INSTRUCTIONS FOR THE TASK:
Leave the pictures out and restate each entry below word for word.

**** DATA SHOWN

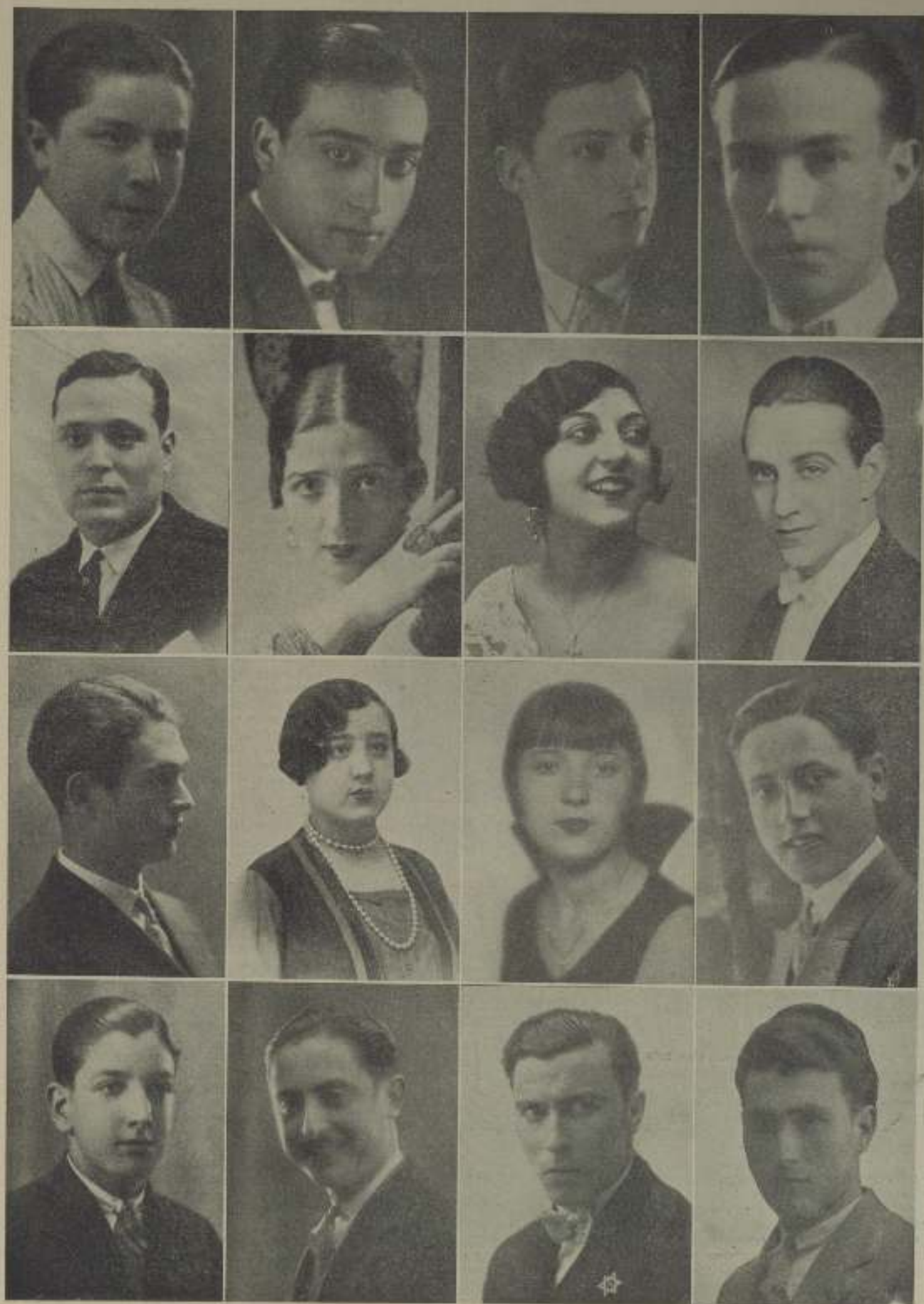
Concursantes de toda España
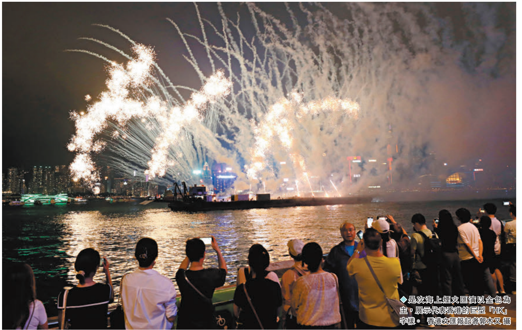
◆是次海上煙火匯演以金色為主，展示代表香港的巨型「HK」字樣。

維港附近餐廳為吸引顧客，推出特別調酒、五一餐單和表演等。餐廳老闆表示，生意比平時增加兩至三成。亦有餐廳向旅客派發飲品券，有來自英國的旅客說氣氛很好，特意預約維港兩岸的餐廳，期望觀賞煙火表演，又對派發飲品券感到驚喜。
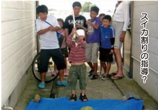
スイカ割りの指導？
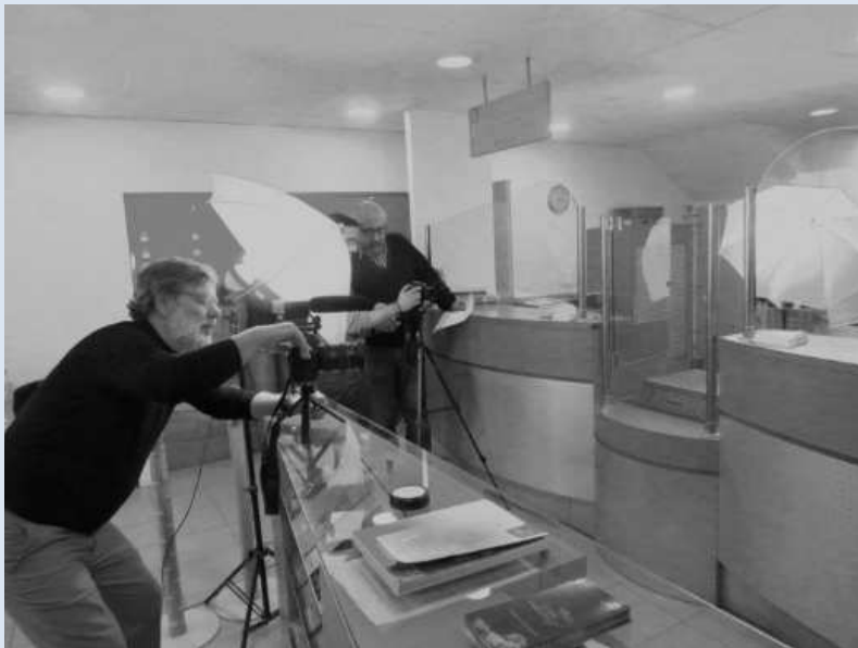
Σκηνή από το γύρισμα των εκπαιδευτικών σεναρίων/videos
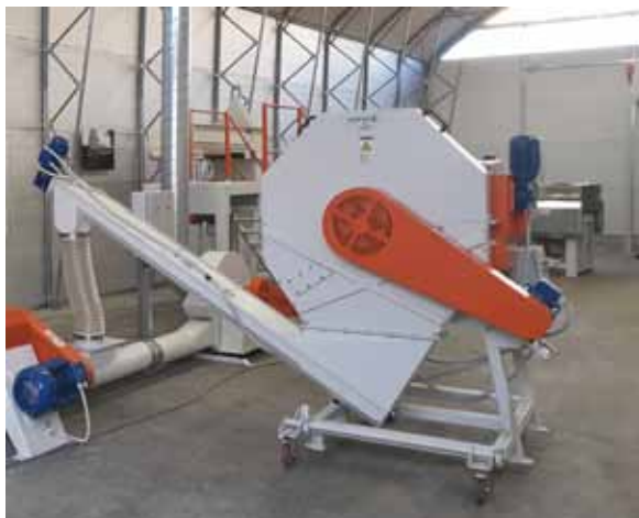
Slika 10. Rezačica biljne mase Figure 10. Herbs cutter

Namijenjena je za rezanje različitih vrsta bilja u svježem ili suhom stanju. Duljina reza bira se prema zahtjevu tehnologije. Može se koristiti i za usitnjavanje osušenih materijala prije mljevenja. Rezačica se sastoji od postolja, rotorskog i statorskog sklopa.
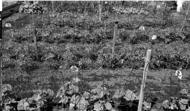
Le jardin des Petites Sœurs est situé au 1, rue Rodolphe.
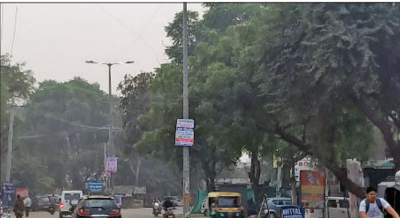
रेवाड़ी। शहर में वीरवार शाम को छाया सांभल।

समय लोगों को सर्दी से राहत मिली रही। अधिकतम तापमान 1.0 डिग्री सेल्सियस बढ़कर 29.0 डिग्री पर पहुंच गया। न्यूनतम तापमान 0.5 डिग्री की वृद्धि के साथ 8.5 डिग्री सेल्सियस दर्ज किया गया। दोपहर बाद तक मौसम का मिजाज गर्म बना रहा। हवा की रफ्तार काफी कम 5 किमी प्रति घंटा रही, जबकि हवा में नमी का स्तर 61 प्रतिशत रहा। दिन का तापमान सामान्य से 3.5 डिग्री ज्यादा हो गया है, जबकि रात का तापमान 1.0 डिग्री कम चल रहा है। तापमान में वृद्धि बीते बुधवार को आसमान में बादल छाने के बाद हुई है। मौसम विभाग
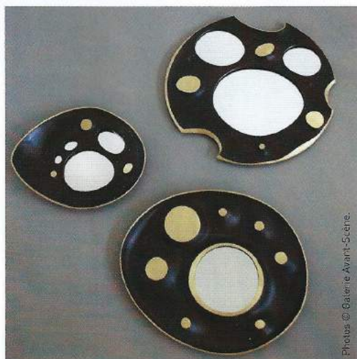
Miroirs lunaires, Franck Evenou,
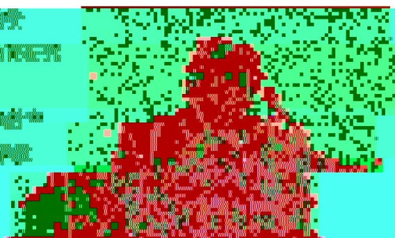
李國華教授與李國華教授合影
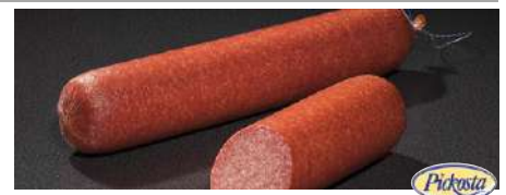
34356 SALAMI braun, geräuchert, Kal. 80, ca. 2,2 kg/Stück
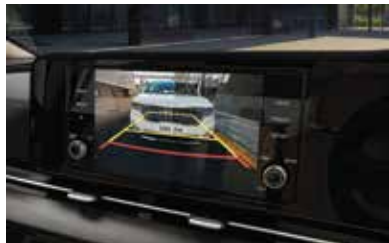
Surround View Monitor
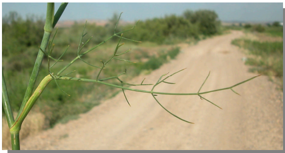
F. vulgare . Detalle de hoja media.
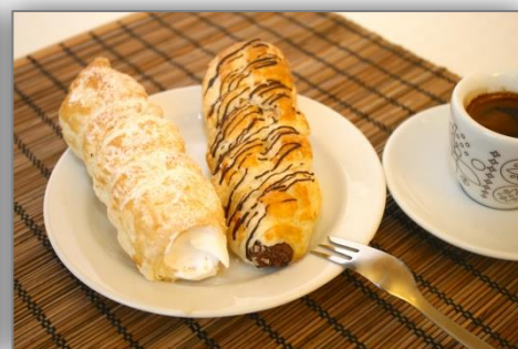
Foto: Velkou oblibu si také získaly čerstvé domácí zákusky. Zleva doprava: zákusek „bílý sen“, klasický větrník a trubičky - s bílkovým sněhem nebo s čokoládovou šlehačkou.
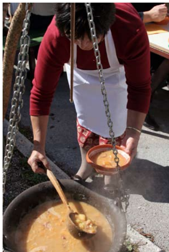
Če ste si kupili kavo, ste jo dobili v originalni lončeni skledici.

mlade pujske in enega kozla. Vsi so žalostno ždeli v pokritih avtomobilskih prikolicah. V bližini je rezgetalo nekaj konj, ki pa po večini niso bili namenjeni za prodajo. Predstavitev večjih podjetij iz Blok, ki je potekala na drugem delu sejmskega prostora (na parkirišču med zdravstvenim domom in pošto), je sejem pokazala iz zornega kota sedanjosti. Domiselno postavljene razstavne prostore je žal kazila stojnica s kičem oz. ceneno kramo v neposredni bližini. Žal je danes splošno razširjeno mnenje, da sejma ni brez novodobnih kramarjev, mislim pa, da bi bil bloški sejem uspešen tudi brez takšnih stojnic. Kvaliteten bloški izdelek se pač ne more primerjati z izdelki množične izdelave iz tujine. Ponudba suhe robe
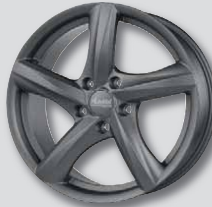
Advanti Nepa dark anthrazit matt lackiert
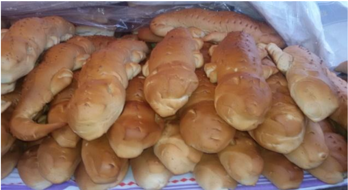
Figura 2 –Pães franceses vendidos pelos ambulantes.

Quem comprava os pães, em sua grande maioria, que são vendidos pelos ambulantes da cidade de Itapororoca, eram as senhoras de idade. Um vendedor chamado Adriano residente no sítio “Barroca dos Santos”, município de Itapororoca, conta que algumas moças até hoje compram o pão e fazem um pedido pra Santo Antônio, para lhes mostrar um bom casamento.
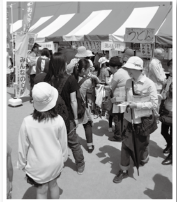
長蛇の列は売上げ好調の証

地域を大切にするお祭りに参加することで地域を知る、人を知る、人とのつながり絆を感じられる1日を過ごしました。
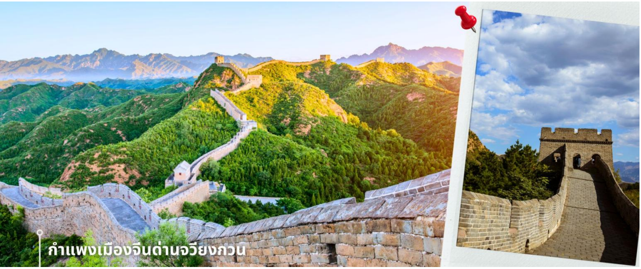
กำแพงเมืองจีนด้านจิวหยงกวน

กรุงปักกิ่งการรุกรานจากชนเผ่าเร่ร่อน ด้านจิวหยงกวนมีสถาปัตยกรรมที่สวยงามของศิลปะจีน จากยอดด่าน สามารถมองเห็นทิวทัศน์ที่สวยงามของเทือกเขาและธรรมชาติโดยรอบ นับว่าเป็น 1 ใน 8 จุดชมวิวที่มีชื่อเสียงของปักกิ่งมาตั้งแต่สมัยราชวงศ์ฉิน
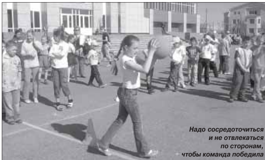
Надо сосредоточиться и не отвлекаться по сторонам, чтобы команда победила

На территории Пуровского района остается сложной ситуация с аварийностью на дорогах. Так, за шесть месяцев 2008 года произошло 42 дорожно-транспортных происшествия, в которых погибли 10 и ранены 52 человека. Обострилась ситуация и с детским дорожно-транспортным травматизмом. Несмотря на проведение всевозможных акций и мероприятий, лекций и бесед с юными участниками дорожного движения, в нашем районе пострадали 4 ребенка, в том числе 3 по вине самих детей.
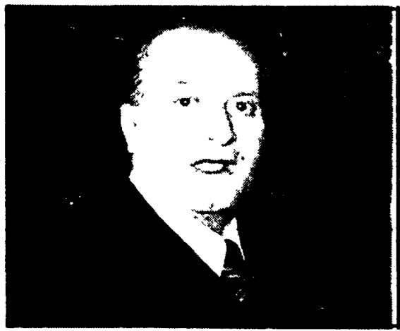
Il generale Vito Miceli

Parere favorevole alla revoca del mandato di cattura per cospirazione spiccato dal giudice Tamburino di Padova - La procura romana contro la scarcerazione per il favoreggiamento nel golpe Borghese e contro la libertà provvisoria - Ma per decorrenza dei termini l'ex capo del SID uscirebbe entro brevissimo tempo
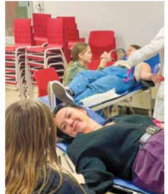
© Zona habilitada per fer l'extracció de sang al centre.

********

YOUR RESPONSE:
Concursantes de toda España
◆是次海上煙火匯演以金色為主，展示代表香港的巨型「HK」字樣。

維港附近餐廳為吸引顧客，推出特別調酒、五一餐單和表演等。餐廳老闆表示，生意比平時增加兩至三成。亦有餐廳向旅客派發飲品券，有來自英國的旅客說氣氛很好，特意預約維港兩岸的餐廳，期望觀賞煙火表演，又對派發飲品券感到驚喜。
スイカ割りの指導？
Σκηνή από το γύρισμα των εκπαιδευτικών σεναρίων/videos
Slika 10. Rezačica biljne mase Figure 10. Herbs cutter

Namijenjena je za rezanje različitih vrsta bilja u svježem ili suhom stanju. Duljina reza bira se prema zahtjevu tehnologije. Može se koristiti i za usitnjavanje osušenih materijala prije mljevenja. Rezačica se sastoji od postolja, rotorskog i statorskog sklopa.
Le jardin des Petites Sœurs est situé au 1, rue Rodolphe.
रेवाड़ी। शहर में वीरवार शाम को छाया सांभल।

समय लोगों को सर्दी से राहत मिली रही। अधिकतम तापमान 1.0 डिग्री सेल्सियस बढ़कर 29.0 डिग्री पर पहुंच गया। न्यूनतम तापमान 0.5 डिग्री की वृद्धि के साथ 8.5 डिग्री सेल्सियस दर्ज किया गया। दोपहर बाद तक मौसम का मिजाज गर्म बना रहा। हवा की रफ्तार काफी कम 5 किमी प्रति घंटा रही, जबकि हवा में नमी का स्तर 61 प्रतिशत रहा। दिन का तापमान सामान्य से 3.5 डिग्री ज्यादा हो गया है, जबकि रात का तापमान 1.0 डिग्री कम चल रहा है। तापमान में वृद्धि बीते बुधवार को आसमान में बादल छाने के बाद हुई है। मौसम विभाग
Miroirs lunaires, Franck Evenou,
李國華教授與李國華教授合影
34356 SALAMI braun, geräuchert, Kal. 80, ca. 2,2 kg/Stück
Surround View Monitor
F. vulgare . Detalle de hoja media.
Foto: Velkou oblibu si také získaly čerstvé domácí zákusky. Zleva doprava: zákusek „bílý sen“, klasický větrník a trubičky - s bílkovým sněhem nebo s čokoládovou šlehačkou.
Če ste si kupili kavo, ste jo dobili v originalni lončeni skledici.

mlade pujske in enega kozla. Vsi so žalostno ždeli v pokritih avtomobilskih prikolicah. V bližini je rezgetalo nekaj konj, ki pa po večini niso bili namenjeni za prodajo. Predstavitev večjih podjetij iz Blok, ki je potekala na drugem delu sejmskega prostora (na parkirišču med zdravstvenim domom in pošto), je sejem pokazala iz zornega kota sedanjosti. Domiselno postavljene razstavne prostore je žal kazila stojnica s kičem oz. ceneno kramo v neposredni bližini. Žal je danes splošno razširjeno mnenje, da sejma ni brez novodobnih kramarjev, mislim pa, da bi bil bloški sejem uspešen tudi brez takšnih stojnic. Kvaliteten bloški izdelek se pač ne more primerjati z izdelki množične izdelave iz tujine. Ponudba suhe robe
Advanti Nepa dark anthrazit matt lackiert
Figura 2 –Pães franceses vendidos pelos ambulantes.

Quem comprava os pães, em sua grande maioria, que são vendidos pelos ambulantes da cidade de Itapororoca, eram as senhoras de idade. Um vendedor chamado Adriano residente no sítio “Barroca dos Santos”, município de Itapororoca, conta que algumas moças até hoje compram o pão e fazem um pedido pra Santo Antônio, para lhes mostrar um bom casamento.
長蛇の列は売上げ好調の証

地域を大切にするお祭りに参加することで地域を知る、人を知る、人とのつながり絆を感じられる1日を過ごしました。
กำแพงเมืองจีนด้านจิวหยงกวน

กรุงปักกิ่งการรุกรานจากชนเผ่าเร่ร่อน ด้านจิวหยงกวนมีสถาปัตยกรรมที่สวยงามของศิลปะจีน จากยอดด่าน สามารถมองเห็นทิวทัศน์ที่สวยงามของเทือกเขาและธรรมชาติโดยรอบ นับว่าเป็น 1 ใน 8 จุดชมวิวที่มีชื่อเสียงของปักกิ่งมาตั้งแต่สมัยราชวงศ์ฉิน
Надо сосредоточиться и не отвлекаться по сторонам, чтобы команда победила

На территории Пуровского района остается сложной ситуация с аварийностью на дорогах. Так, за шесть месяцев 2008 года произошло 42 дорожно-транспортных происшествия, в которых погибли 10 и ранены 52 человека. Обострилась ситуация и с детским дорожно-транспортным травматизмом. Несмотря на проведение всевозможных акций и мероприятий, лекций и бесед с юными участниками дорожного движения, в нашем районе пострадали 4 ребенка, в том числе 3 по вине самих детей.
Il generale Vito Miceli

Parere favorevole alla revoca del mandato di cattura per cospirazione spiccato dal giudice Tamburino di Padova - La procura romana contro la scarcerazione per il favoreggiamento nel golpe Borghese e contro la libertà provvisoria - Ma per decorrenza dei termini l'ex capo del SID uscirebbe entro brevissimo tempo
© Zona habilitada per fer l'extracció de sang al centre.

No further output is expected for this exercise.